Word2Vec employs two main training approaches:
This method predicts a target word based on its surrounding context words. For example if a word is missing from a sentence CBOW tries to infer the missing word using the context provided by the other words in the sentence.
During training Word2Vec refines the word vectors by analyzing how frequently words appear together within a defined context window. Words with more comparable vectors are those that appear in similar contexts. Relationships like synonyms and analogies are well captured by this method (for example, the relationship between “king” and “queen” can be deduced from the analogy “king” – “man” + “queen” – “woman”).
Read more about Word2Vec here
Unlock the secrets to crafting compelling email subject lines with our step-by-step guide, leveraging Word2Vec embeddings for smarter, more relevant results.
Import essential libraries for data manipulation, natural language processing, word embeddings, and similarity calculations.
import pandas as pd
import nltk
from nltk.tokenize import word_tokenize
from gensim.models import Word2Vec
from sklearn.metrics.pairwise import cosine_similarity
import numpy as np
Download the NLTK tokenizer data required for tokenizing text.
# Download NLTK data (only needed once)
nltk.download('punkt')
Load the email dataset from a CSV file and handle any potential parsing errors.
# Read the CSV file
try:
df = pd.read_csv('emails.csv', quotechar='"', escapechar='\\', engine='python', on_bad_lines='skip')
except pd.errors.ParserError as e:
print(f"Error reading the CSV file: {e}")
Tokenize the email bodies into words and convert them to lowercase for uniformity.
# Preprocess: Tokenize email bodies
tokenized_bodies = [word_tokenize(body.lower()) for body in df['email_body']]
Train a Word2Vec model on the tokenized email bodies to create word embeddings.
# Train Word2Vec model on the email bodies
word2vec_model = Word2Vec(sentences=tokenized_bodies, vector_size=100, window=5, min_count=1, workers=4)
Create a function that computes the embedding of an email body by averaging the embeddings of its words.
# Function to compute document embedding by averaging word embeddings
def get_document_embedding(doc, model):
words = word_tokenize(doc.lower())
word_embeddings = [model.wv[word] for word in words if word in model.wv]
if word_embeddings:
return np.mean(word_embeddings, axis=0)
else:
return np.zeros(model.vector_size)
Calculate the document embeddings for all email bodies in the dataset.
# Compute embeddings for all email bodies
body_embeddings = np.array([get_document_embedding(body, word2vec_model) for body in df['email_body']])
Create a function that finds the most similar email body in the dataset to a given query using cosine similarity.
# Function to perform semantic search based on the email body
def semantic_search(query, model, body_embeddings, texts):
query_embedding = get_document_embedding(query, model)
similarities = cosine_similarity([query_embedding], body_embeddings)
best_match_idx = np.argmax(similarities)
return texts[best_match_idx], similarities[0, best_match_idx]
Define a new email body for which to generate a subject line.
# Example email body for which to generate a subject line
new_email_body = "Please review the attached documents and provide feedback by end of day"
Use the semantic search function to find the most similar email body in the dataset to the new email body.
# Perform semantic search for the new email body to find the most similar existing email
matched_text, similarity_score = semantic_search(new_email_body, word2vec_model, body_embeddings, df['email_body'])
Retrieve and print the subject line corresponding to the matched email body, along with the matched email body and similarity score.
# Find the corresponding subject line for the matched email body
matched_subject = df.loc[df['email_body'] == matched_text, 'subject_line'].values[0]
print("Generated Subject Line:", matched_subject)
print("Matched Email Body:", matched_text)
print("Similarity Score:", similarity_score)
Evaluating the accuracy of a model is crucial to understand its performance on unseen data.
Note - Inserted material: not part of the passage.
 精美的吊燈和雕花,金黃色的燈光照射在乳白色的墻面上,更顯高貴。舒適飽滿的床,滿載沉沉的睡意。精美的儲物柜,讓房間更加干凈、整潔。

In this step, we will define the function evaluate_accuracy
, use a test dataset (test_df
), and precomputed embeddings (train_body_embeddings
) to measure the accuracy of the model.
# Evaluate accuracy on the test set
accuracy = evaluate_accuracy(test_df, word2vec_model, train_body_embeddings, train_df['email_body'])
print("Mean Cosine Similarity for Test Set:", accuracy)
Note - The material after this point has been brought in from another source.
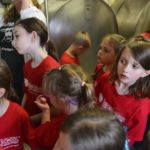 Anna Clute (right) and classmates peek into the milk plant at Brunton Dairy during a tour of the Independence Township farm on Wednesday, May 29, 2019. Kindergarten students from The Goddard School of Cranberry Township were selected by American Dairy Association North East from more than 250 schools for an on-the-farm tour.

I have made use of Document dataset for code implementation which can be found here.
A sneek-peak into the dataset :
Let’s walk through a real example to illustrate this step.
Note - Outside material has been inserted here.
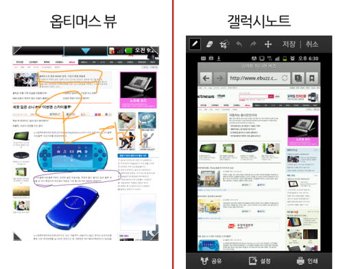 ¡Þ ¼¼¹ÐÇÔ¿¡¼± °¶·°½Ã³ëÆ®=µÎ Á¦Ç°Àº °°Àº ¸Þ¸ð ±â´ÉÀ» Ç¥¹æÇϰí ÀÖÁö¸¸ ½ÇÁ¦ »ç¿ë¹æ½Ä¿¡´Â Â÷À̰¡ ÀÖ´Ù. È­¸éÀ» Ä¸Ã³ÇØ ¸Þ¸ðÇÏ°í ´Ù¸¥ »ç¶÷°ú °øÀ¯ÇÏ·Á¸é ¿ÉƼ¸Ó½ººä´Â Äü ¸Þ¸ð ¹öưÀ» ´©¸£¸é µÈ´Ù. ¹Ý¸é °¶·°½Ã³ëÆ®´Â SÆæ ¹öưÀ» ´©¸¥ »óÅ¿¡¼­ È­¸éÀ» Ŭ¸¯ÇØ¾ß ÇÑ´Ù. º»Ã¼¿¡ ÀåÂøµÇ¾î ÀÖ´Â SÆæÀ» »©°í ¼Õ¿¡ Áã±â±îÁöÀÇ ½Ã°£À» °í·ÁÇÏ¸é ¼Õ°¡¶ôÀ» Ȱ¿ëÇÒ ¼ö ÀÖ´Â ¿ÉƼ¸Ó½ººä°¡ ´õ ºü¸£´Ù.

Assume we have a test set (test_df
) with the following email bodies and subject lines:
import pandas as pd
import nltk
from nltk.tokenize import word_tokenize
from gensim.models import Word2Vec
from sklearn.metrics.pairwise import cosine_similarity
import numpy as np
# Download NLTK data (only needed once)
nltk.download('punkt')
# Example training dataset
train_data = {
'email_body': [
"Please send me the latest sales report.",
"Can you provide feedback on the attached document?",
"Let's schedule a meeting to discuss the new project.",
"Review the quarterly financials and get back to me."
],
'subject_line': [
"Request for Sales Report",
"Feedback on Document",
"Meeting for New Project",
"Quarterly Financial Review"
]
}
train_df = pd.DataFrame(train_data)
# Example test dataset
test_data = {
'email_body': [
"Can you provide the latest sales figures?",
"Please review the attached documents and provide feedback.",
"Schedule a meeting to discuss the new project proposal."
],
'subject_line': [
"Request for Latest Sales Figures",
"Feedback on Attached Documents",
"Meeting for Project Proposal"
]
}
test_df = pd.DataFrame(test_data)
# Preprocess: Tokenize email bodies
tokenized_bodies = [word_tokenize(body.lower()) for body in train_df['email_body']]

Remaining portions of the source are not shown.